──────── INFORMATION SHOWN ────────

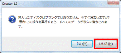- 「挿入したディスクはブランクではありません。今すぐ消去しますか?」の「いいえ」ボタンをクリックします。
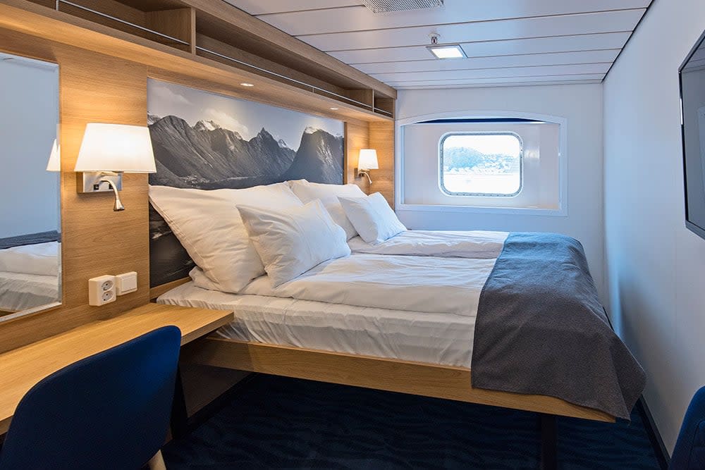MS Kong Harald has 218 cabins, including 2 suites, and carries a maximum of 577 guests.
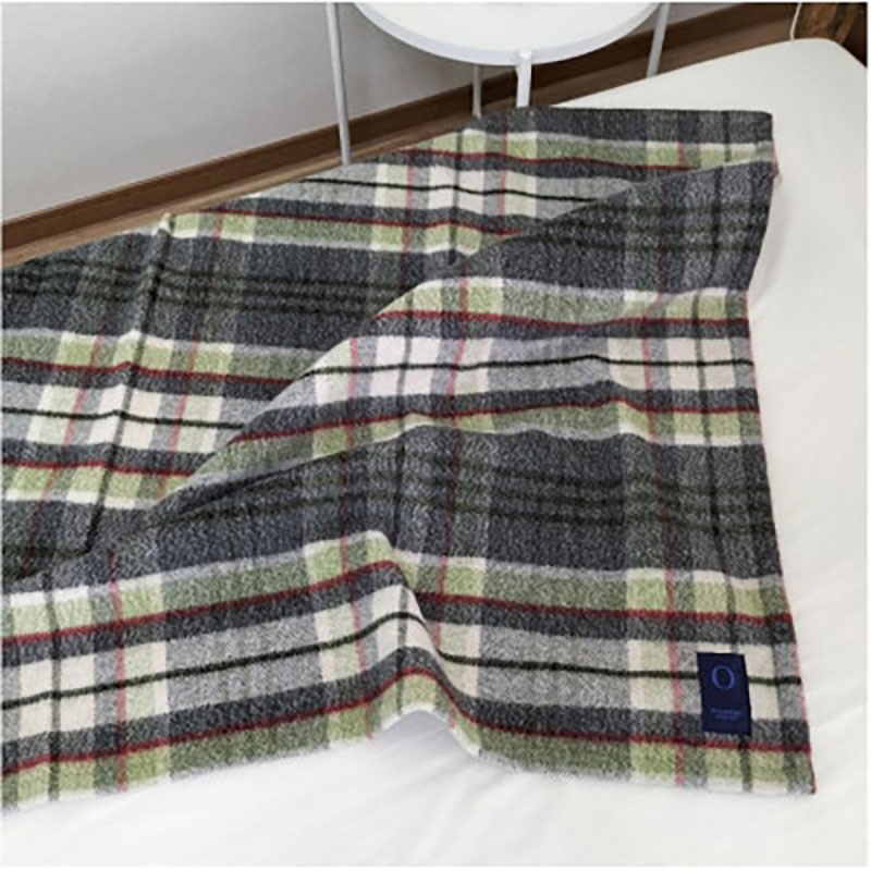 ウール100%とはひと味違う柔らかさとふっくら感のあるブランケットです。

────────
──────── INFORMATION SHOWN ────────

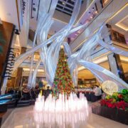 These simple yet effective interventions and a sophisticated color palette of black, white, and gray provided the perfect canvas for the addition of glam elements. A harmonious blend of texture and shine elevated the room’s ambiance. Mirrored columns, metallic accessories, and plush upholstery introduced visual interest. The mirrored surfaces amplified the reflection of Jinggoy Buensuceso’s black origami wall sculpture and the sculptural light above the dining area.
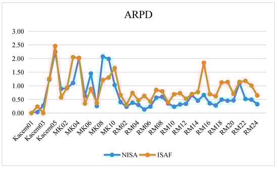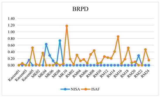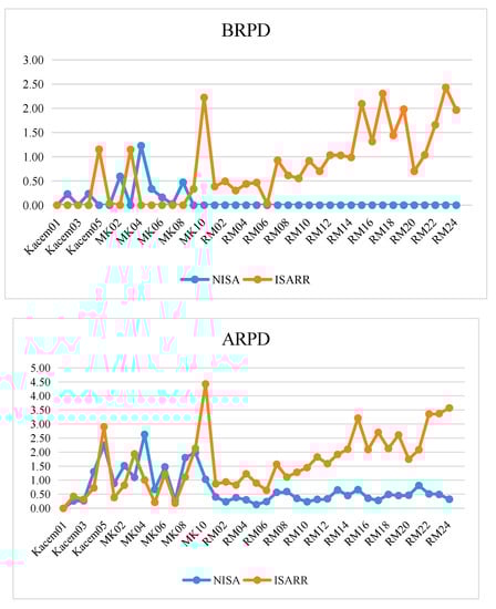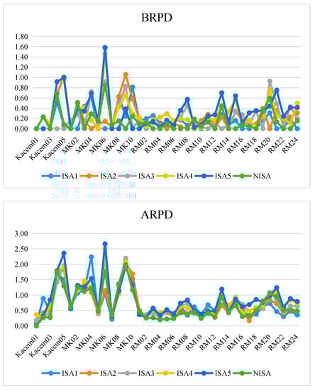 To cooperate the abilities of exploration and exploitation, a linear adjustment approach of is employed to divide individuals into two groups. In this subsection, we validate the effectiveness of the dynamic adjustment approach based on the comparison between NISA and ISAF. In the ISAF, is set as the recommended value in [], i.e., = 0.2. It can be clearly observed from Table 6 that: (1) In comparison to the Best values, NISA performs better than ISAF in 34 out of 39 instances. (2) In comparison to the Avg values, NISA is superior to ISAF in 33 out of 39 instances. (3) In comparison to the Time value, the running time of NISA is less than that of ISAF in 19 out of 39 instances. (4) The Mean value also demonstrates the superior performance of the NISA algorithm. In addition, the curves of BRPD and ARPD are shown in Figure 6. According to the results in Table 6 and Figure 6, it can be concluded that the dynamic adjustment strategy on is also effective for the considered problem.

────────
──────── INFORMATION SHOWN ────────

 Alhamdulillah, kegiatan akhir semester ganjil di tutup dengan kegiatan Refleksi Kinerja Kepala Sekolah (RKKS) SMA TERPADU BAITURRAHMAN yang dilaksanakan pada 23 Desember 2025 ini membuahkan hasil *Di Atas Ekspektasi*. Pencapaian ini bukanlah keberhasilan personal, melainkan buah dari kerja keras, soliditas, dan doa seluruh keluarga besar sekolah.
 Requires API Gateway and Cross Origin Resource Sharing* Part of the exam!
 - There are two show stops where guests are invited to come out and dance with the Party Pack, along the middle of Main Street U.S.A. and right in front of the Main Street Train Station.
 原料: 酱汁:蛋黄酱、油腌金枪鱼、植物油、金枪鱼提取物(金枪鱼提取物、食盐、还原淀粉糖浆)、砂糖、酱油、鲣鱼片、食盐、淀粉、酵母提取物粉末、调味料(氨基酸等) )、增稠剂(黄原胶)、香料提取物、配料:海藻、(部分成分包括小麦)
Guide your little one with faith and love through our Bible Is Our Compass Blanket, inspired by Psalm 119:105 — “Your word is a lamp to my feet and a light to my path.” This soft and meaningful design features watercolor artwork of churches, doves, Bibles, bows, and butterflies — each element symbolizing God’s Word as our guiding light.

────────

WHAT IS EXPECTED » All lines above starting at the one with "- 「挿入したディスクはブラ" and ending at the one with "ウール100%とはひと味違う柔らかさとふっくら感のあるブランケットです。", inclusive, are to be printed again exactly, with the pictures left out.

ANSWER AREA »
- 「挿入したディスクはブランクではありません。今すぐ消去しますか?」の「いいえ」ボタンをクリックします。
MS Kong Harald has 218 cabins, including 2 suites, and carries a maximum of 577 guests.
 ウール100%とはひと味違う柔らかさとふっくら感のあるブランケットです。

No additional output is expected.